11-01-2012 10:43 PM - edited 03-01-2019 10:42 AM
Hello everyone,
I ran into an interesting issue this evening. While upgrading our B200 blade from 2.0(1t) to 2.0(3c) our servers did not boot into the Cisco firmware utility. The system showdown the OS, rebooted and began the OS load, then during mid-load powered off the OS and began loading the firmware utility. While no damage was done this time around I have 6 additional server blades that need this firmware. Is there a workaround for this? I suspect it may be due to the boot policy set to local disk. A quick search didn't return any results. Has anyone else seen this issue?
Thank is advance.
11-02-2012 01:05 AM
Hi Kendall,
There are a few things I am not sure about and would like to get details on:
1) You saw this behaviour during the BIOS upgrade or any other firmware / end point upgrade?
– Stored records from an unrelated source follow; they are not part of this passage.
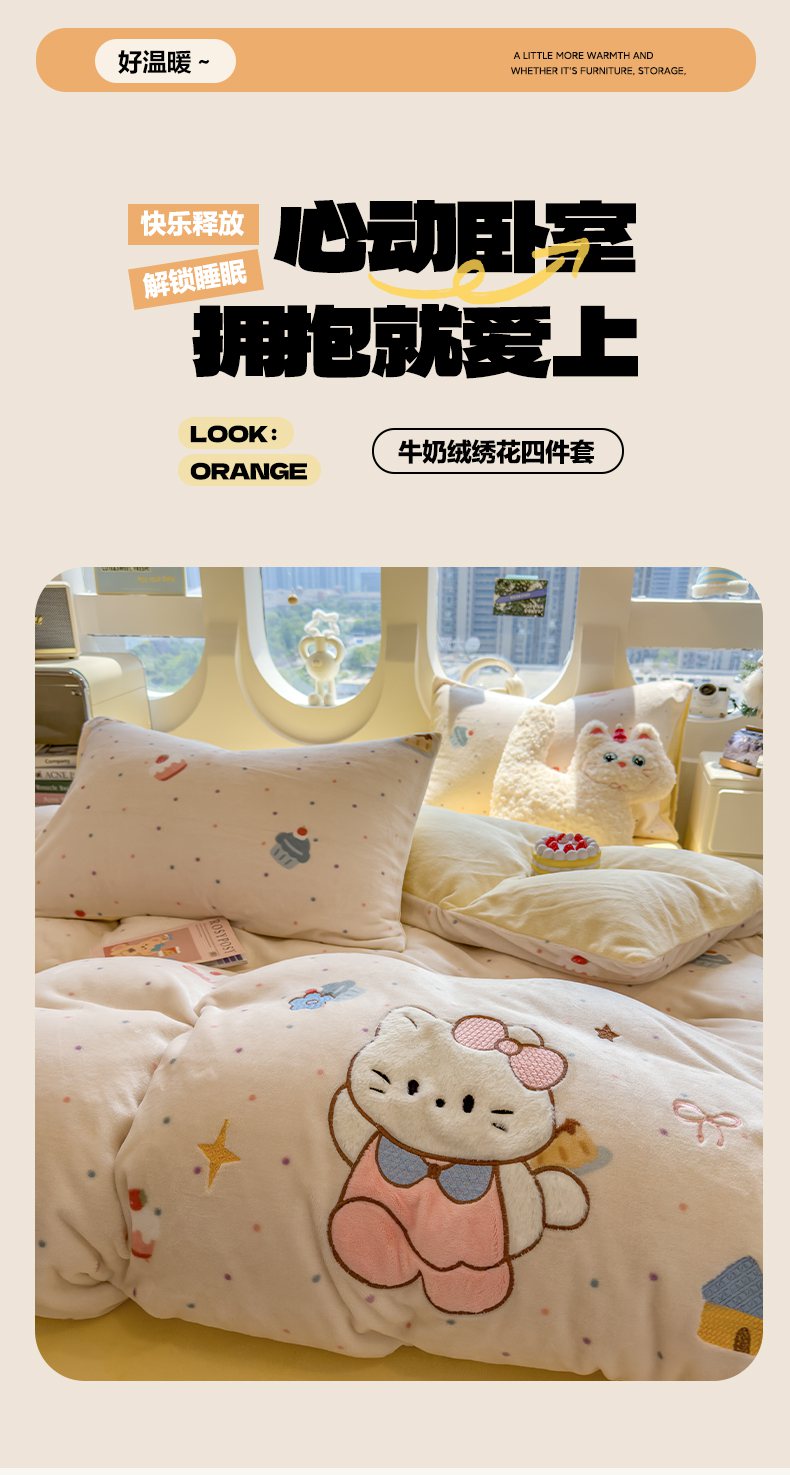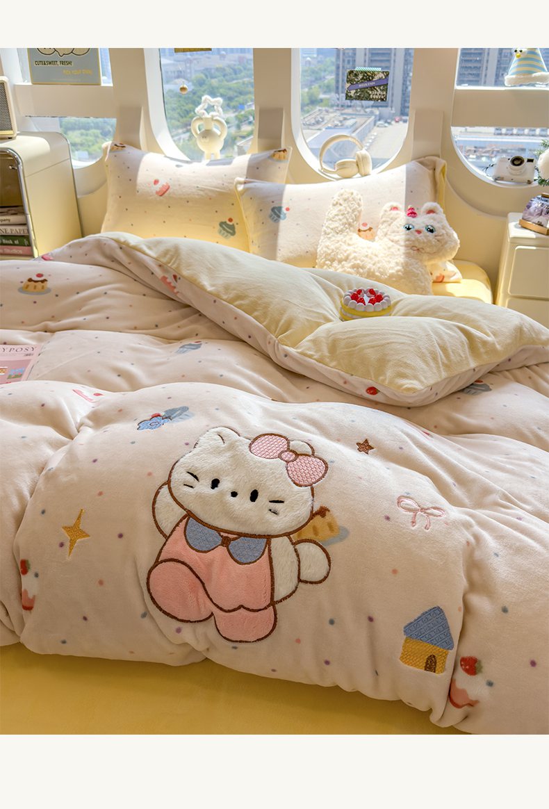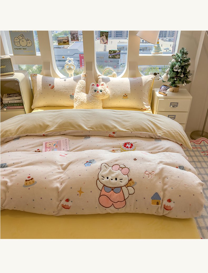 摩妮卡 2025新款卡通牛奶绒刺绣四件套系列 甜点世界
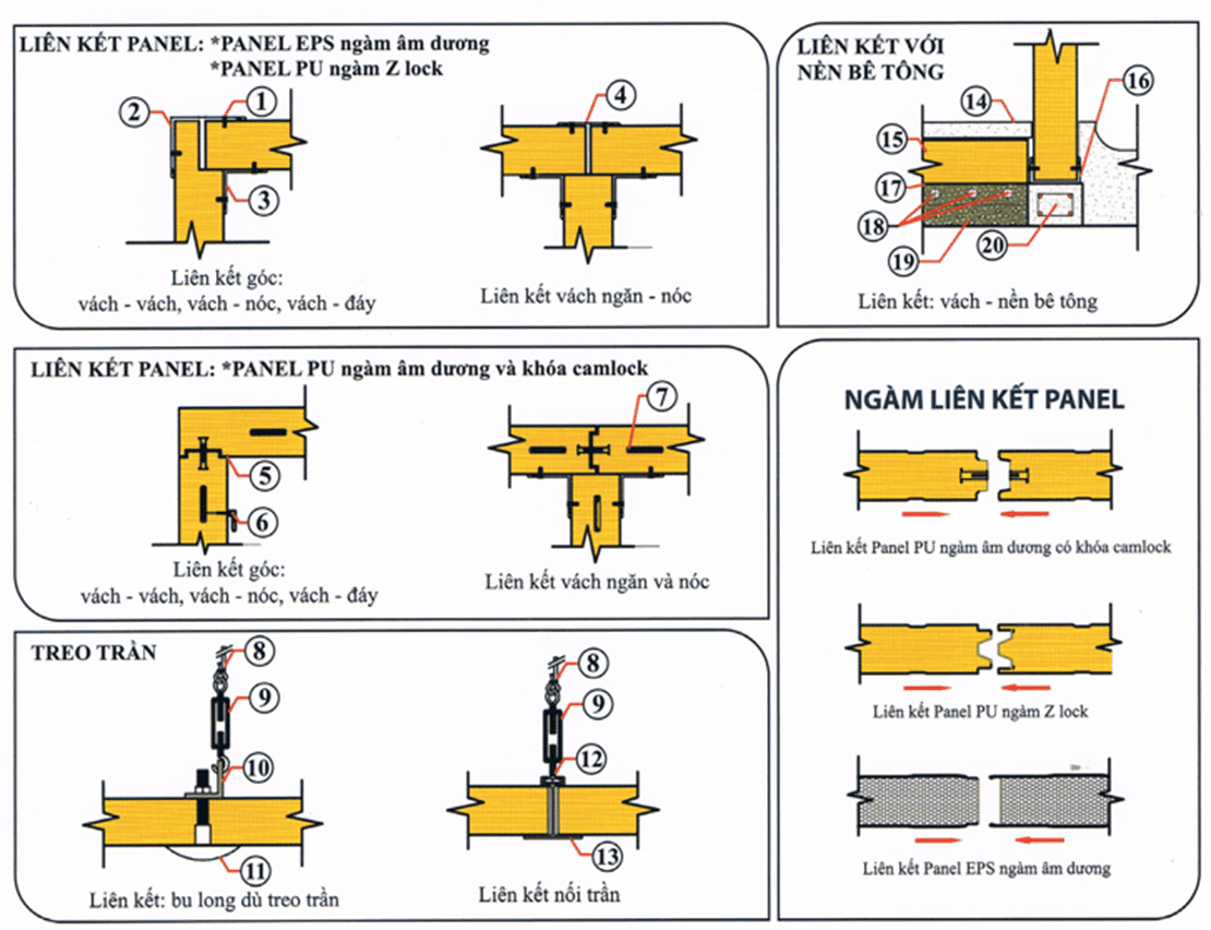 - Liên kết Panel PU bằng ngàm âm dương và khóa camlock (Bằng nhựa APS - POM, gia công cường lực có độ bền cao lên tới 15 năm).
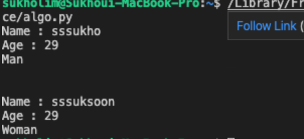 만약, 함수내에 리턴을 위와 같이 a+b, a*b 두 개로 작성하였을 경우에는 튜플 값으로 리턴을 한다. 만약 이 두가지의 리턴 값을 하나의 튜플로 리턴을 받는 방식이 아닌, 각각의 값으로 구분되어 리턴을 받고 싶다면, 변수 두 개에 위와 같이 리턴을 받으면 된다. 개인적으로 경험했던 이전의 언어들과는 또 다른 느낌이어서 확실히 신기하다.

2) I am not very clear about what you mean by the firmware utility? The upgrades for the firmware in B series happen in the background and as such we do not load any utility (but i'll like to hear more from you).
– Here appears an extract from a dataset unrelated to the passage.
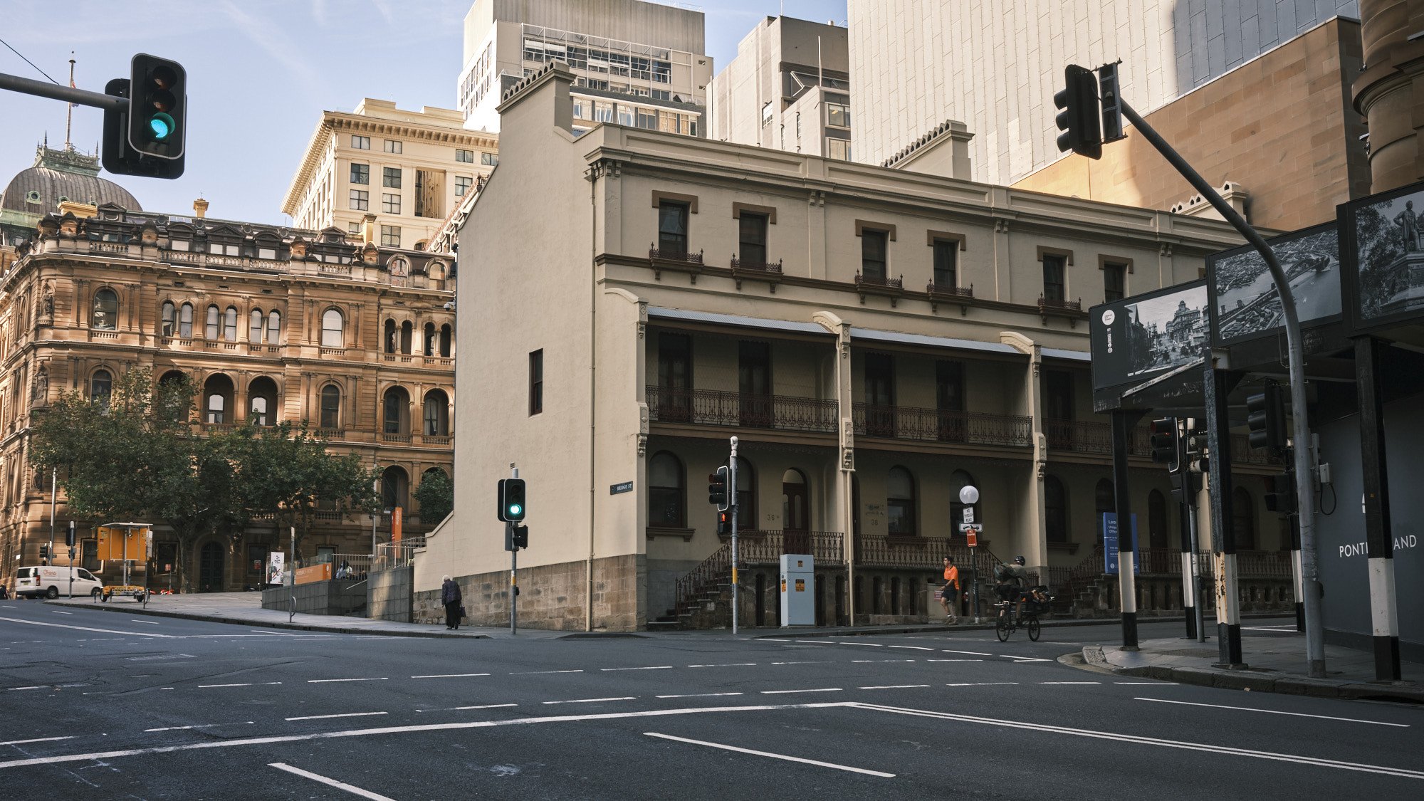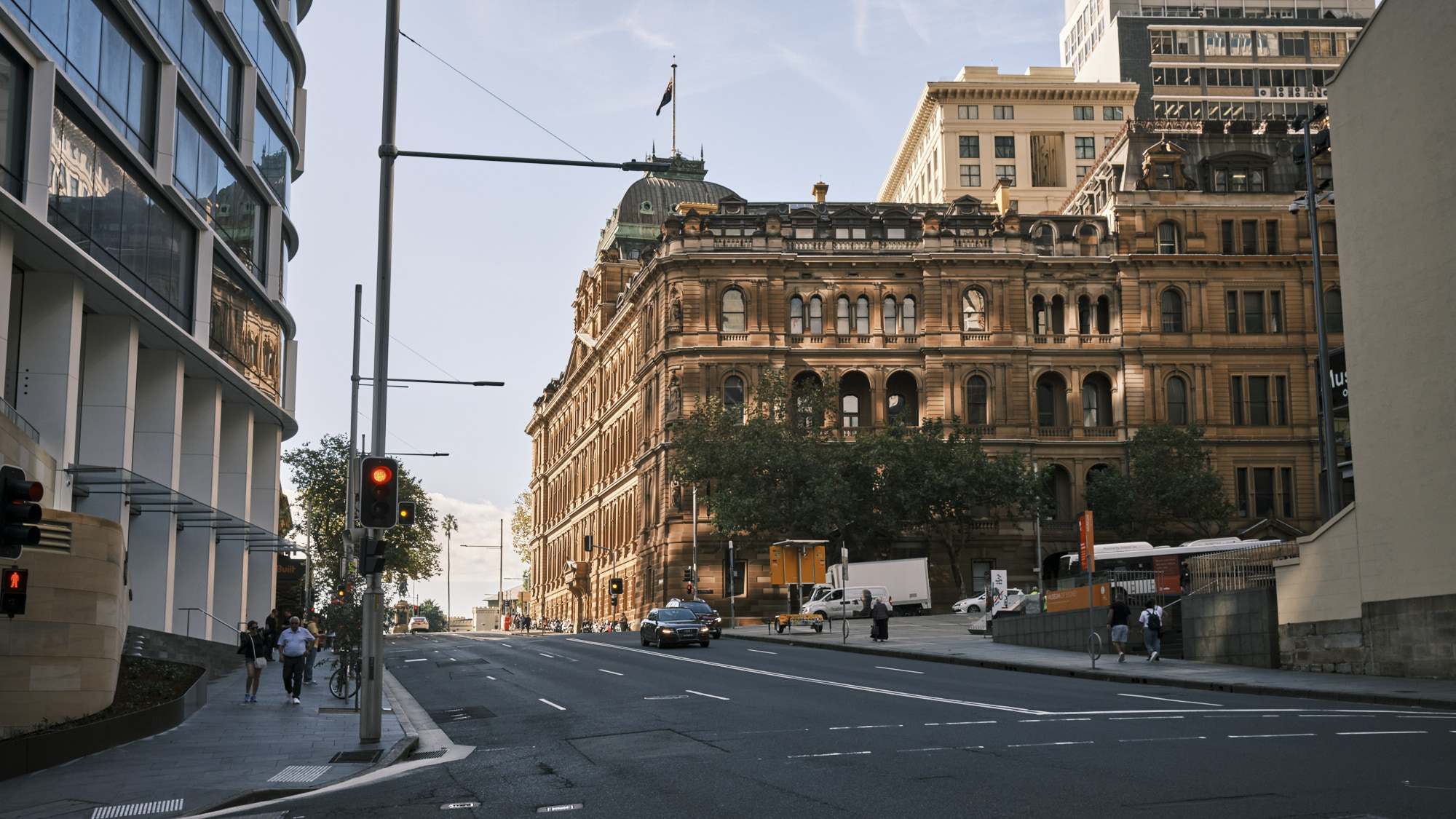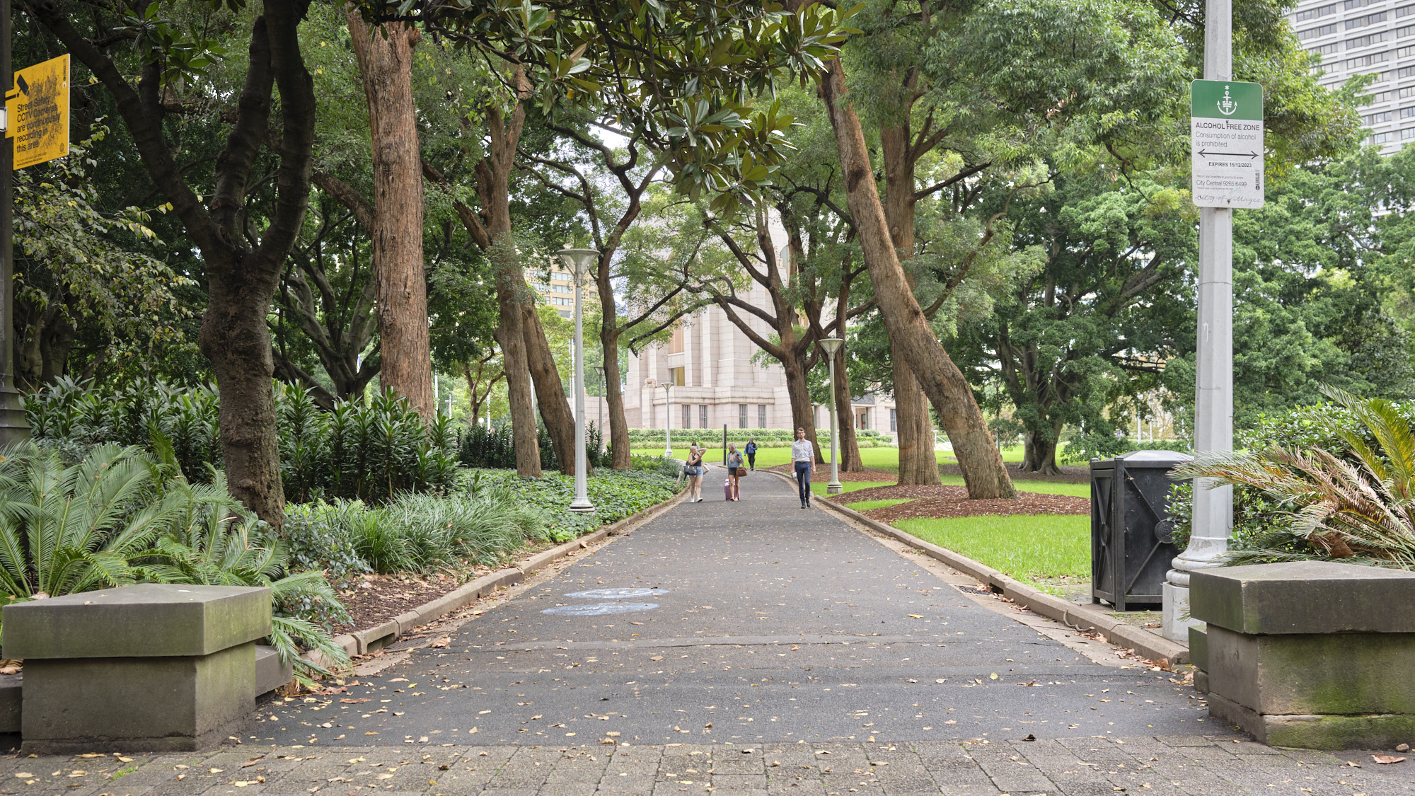 穿过酒店旁的小巷以及Macquarie Place Park,我很快来到了Bridge St。我将沿着这条路前往Royal Botanic Garden。

Note: The BIOS update on the blades do need it to go through a reboot, however you can defer this using a maintenance polocy.
./Abhinav
11-02-2012 07:06 AM
This occured after applying the new firmware policy to the server/host. Our Maintenance policy is set to User ACK so after acknowledging the activity the server began the firmware upgrade. I saw the same behavior on an ESX host and a windows host so I don't believe it is an host OS issue. Additionally, The frimware policy was applied to the ESX host first while it was in maintenance mode. The Windows server was shutdown when the policy was applied.
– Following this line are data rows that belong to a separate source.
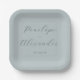 This elegant wedding plate features a minimalist design with a muted teal background and soft grayish-black text. The layout is clean and balanced, showcasing the names "Penelope" and "Alexander" in a sophisticated script font, followed by a date in a simple sans-serif style. The absence of additional motifs keeps the focus on the typography, creating a timeless and contemporary look perfect for formal occasions. Ideal for weddings, this plate combines simplicity with grace, making it a stylish addition to any celebration.
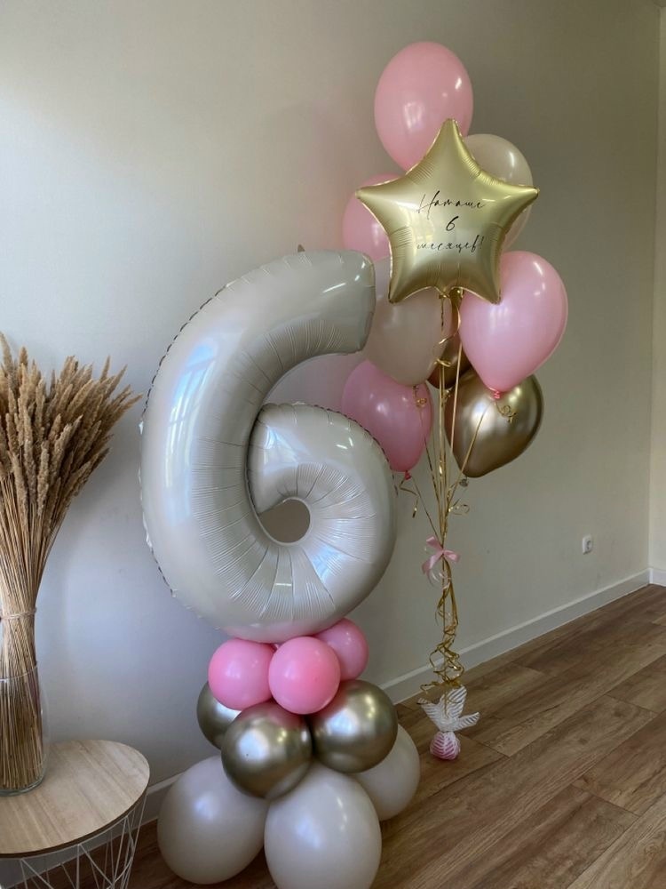 В набор входит: (Любая) цифра на стойке. Связка из 6 цветных Шаров, 2 шара хром золото, 1 звезда золотая Сатин с надписью,грузик.
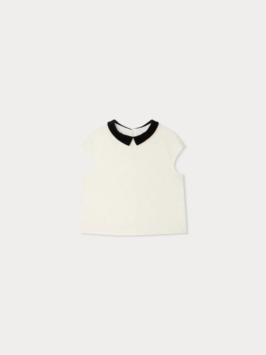 Le top Twinkle pour fille permet de composer une tenue raffinée moderne. Il se démarque par ses motifs cœurs en jacquard et son col contrastant en velours.
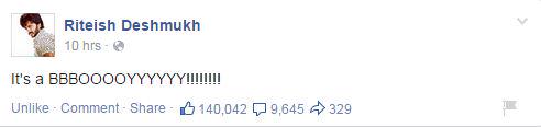 .@Riteishd and @geneliad blessed with a BABY BOY!

In the case of the ESX host, the server shutdown and began rebooting into ESX. While loading the vmware kernal the system performed a hard shutdown, rebooted, and then began the firmware upgrade. After the firmware upgrade finished the server rebooted again and came up into the ESX environment. After witnessing the odd boot pattern on the ESX host, my hope was that the Windows server would go through the firmware upgrade without booting into the Windows OS and being interrupted. Just to clarify, when I say the OS was interrupted I mean the server was almost completely up. The Windows logon screen displayed very briefly and then the UCS appeared to have "cut the power" to the blade and bagan the frimware update.
11-04-2012 04:43 PM
What I had seen and this would need to be confirmed in your lab is that the host firmware policy is pushing mutliple firmware/bios changes that each require a reboot. The change needs to update then actived. The BIOS update will take some time to update while the adapter may be quicker. Once the adapter has completed the update, the blade is rebooted. When the BIOS is ready to be updated, the blade reboots again.
If true, there may be an enhancement opportunity here.